There's also a varied selection of short featurettes here, which are promotional in nature but offer some nice glimpses into the film's production. Self-explanatory highlights include Fight Training, Blowing Things Up (seen above), The Explosive Bridge Chase Scene, On the Move with Jason Bourne, and a short piece about Scoring the Film. Although I'd have preferred a more concise and organized behind-the-scenes documentary, it was nice to get a peek at so many of the film's various stages. Rounding out the bonus materials are a series of Biographies and Filmographies for the cast and crew. Universal's also seen fit to throw in a few forced trailers, though the trailer for this film is nowhere to be found. Not a stellar batch of extras, but they're certainly satisfactory.

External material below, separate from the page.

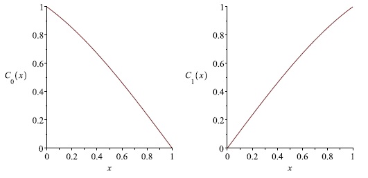 3. Fig. 2. The graphs of coefficients C0(x) and C1(x) defined by (16)(from the left to the right).

Whether or not you're exciting about the original film becoming a franchise, there's no doubt in my mind that The Bourne Supremacy is a worthy follow-up to its predecessor. It's got nearly everything a successful sequel should have: a different approach to familiar territory, a more personal look at the main character, and a fast pace that really keeps things entertaining. While the Bourne saga doesn't bring an enormous amount of new ideas to the table, it successfully weaves an interesting plot, great characters and terrific locations together to create a solid franchise. Universal's DVD treatment isn't perfect, but it offers a hearty technical presentation combined with a decent selection of bonus materials. All things considered, this one's worth holding on to. Recommended.
Randy Miller III is a mysterious art instructor based in Harrisburg, PA. He also does freelance graphic design projects and works in an art gallery. When he's not doing that, he enjoys slacking off, general debauchery, and writing things in third person.